= Lacy baronets =

Title in the Baronetage of the United Kingdom

Arms of Lacy baronets: Gyronny or and gules, on a bend sable a Lacy knot between two martlets of the first

The Lacy Baronetcy, of Ampton in the County of Suffolk, is a title in the Baronetage of the United Kingdom. It was created 23 June 1921 (as part of the 1921 Birthday Honours) for Pierce Lacy, Chairman of the Birmingham Stock Exchange and founder of the British Trusts Association and the British Shareholders Trust.

The first baronet was born in Birmingham but his father John Pierce Lacy, was born in Enniscorthy, County Wexford and moved to Edgbaston, Warwickshire. The first baronet married Ethel Maud Draper, daughter of artist James Finucane Draper of Saint Helier, Jersey. Since 1998, the baronetcy has been held by Sir Patrick Brian Finucane Lacy, 4th Baronet, who inherited the title after his elder brother, the third baronet, died without children.

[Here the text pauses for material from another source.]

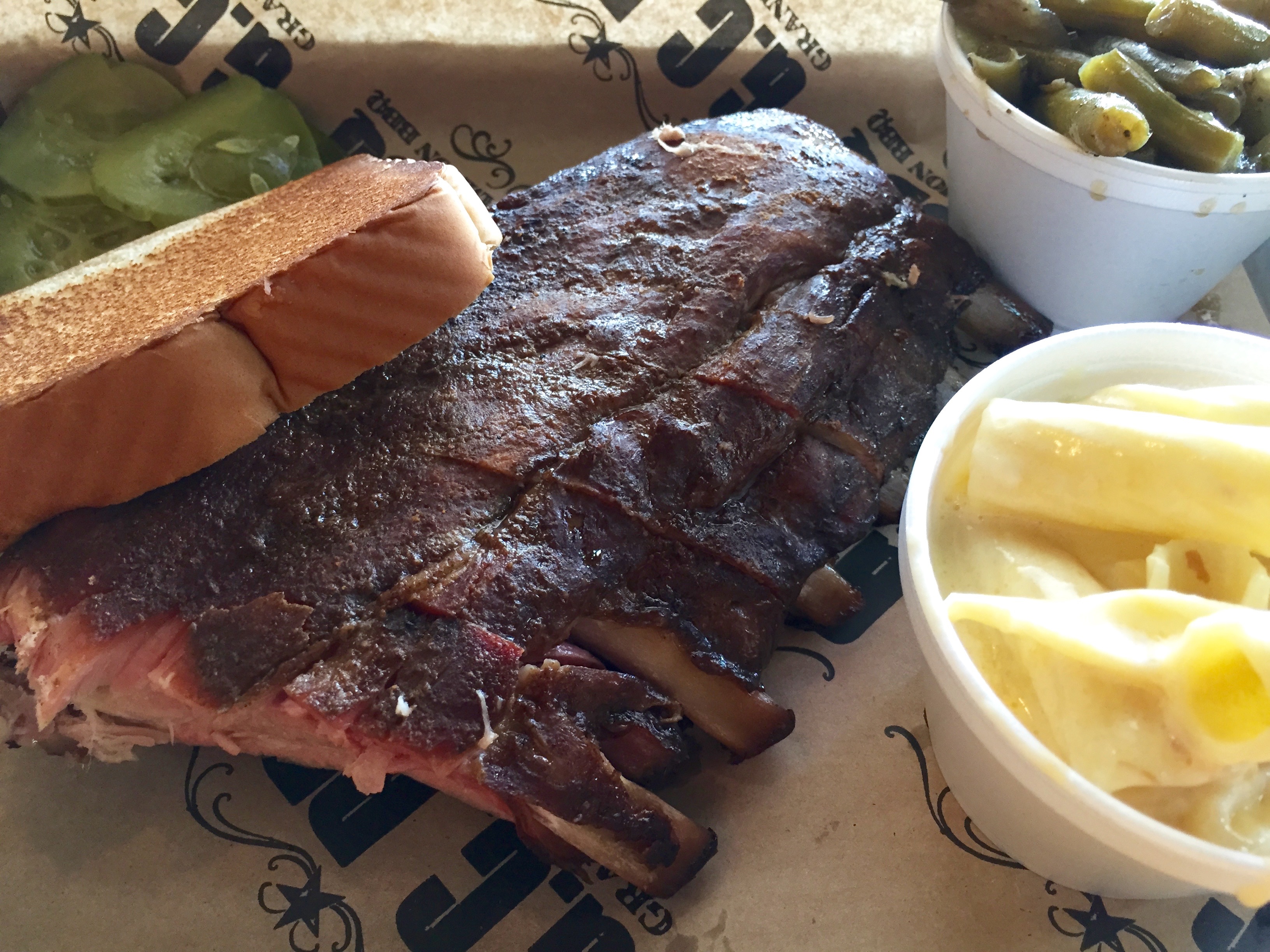 Barbecue connoisseur (another French word!) Grant Goggans over at Marie Let’s Eat has visited over 300 BBQ joints in the southeast and is certainly an expert on the subject. He judges a place by their pulled pork. Here at Date Night, we judge a joint by their ribs. As my cholesterol count rises, I visit three places known for ribs over a period of six days. I order ribs and two sides from each restaurant. I go during lunch, when I figure the ribs will be the freshest and have not been sitting around all day. Our contenders, picked because they are fairly close to each other, are Dreamland BBQ, Grand Champion BBQ, and Spiced Right Ribhouse. Let the rib roundup begin!
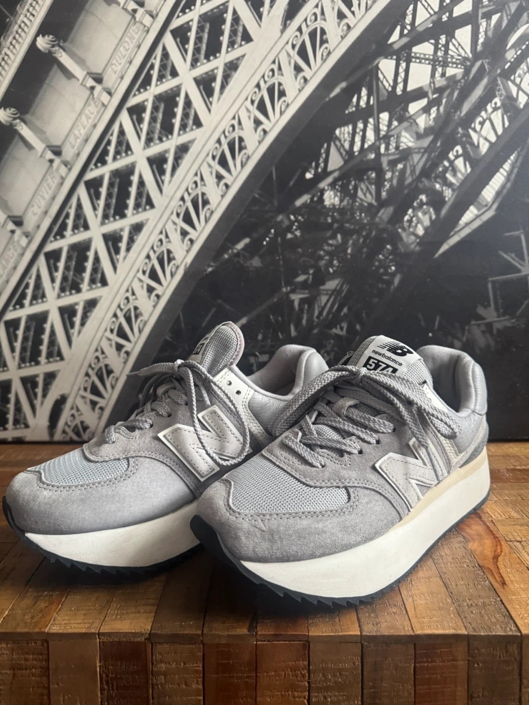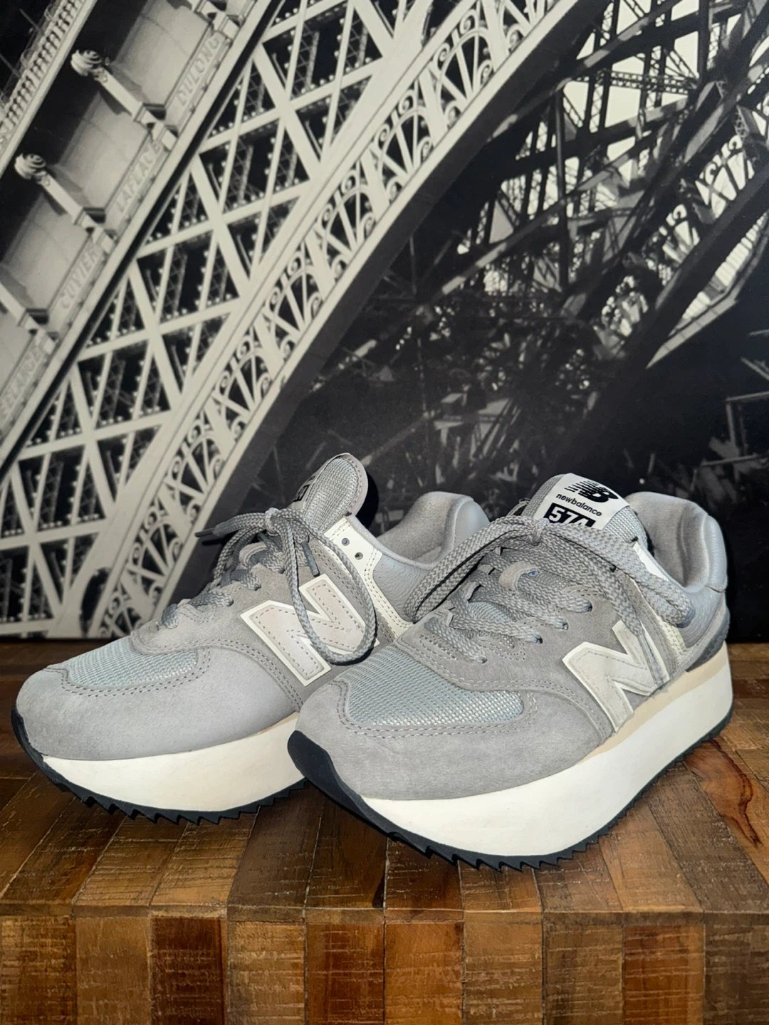 Grey New Balance 574 platform sneakers. Features a suede and mesh upper. These kicks offer a bit of extra height!

==Lacy baronets, of Ampton (1921)==
- Sir Pierce Thomas Lacy, 1st Baronet (16 February 1872 – 25 December 1956)
- Sir Maurice John Pierce Lacy, 2nd Baronet (2 April 1900 – 22 April 1965)
- Sir Hugh Maurice Pierce Lacy, 3rd Baronet (3 September 1943 – 4 December 1998)
- Sir Patrick Brian Finucane Lacy, 4th Baronet (born 14 April 1948)

The heir to the baronetcy is the current baronet's only son, Finian James Pierce Lacy (born 24 September 1972). There are no further heirs to the title.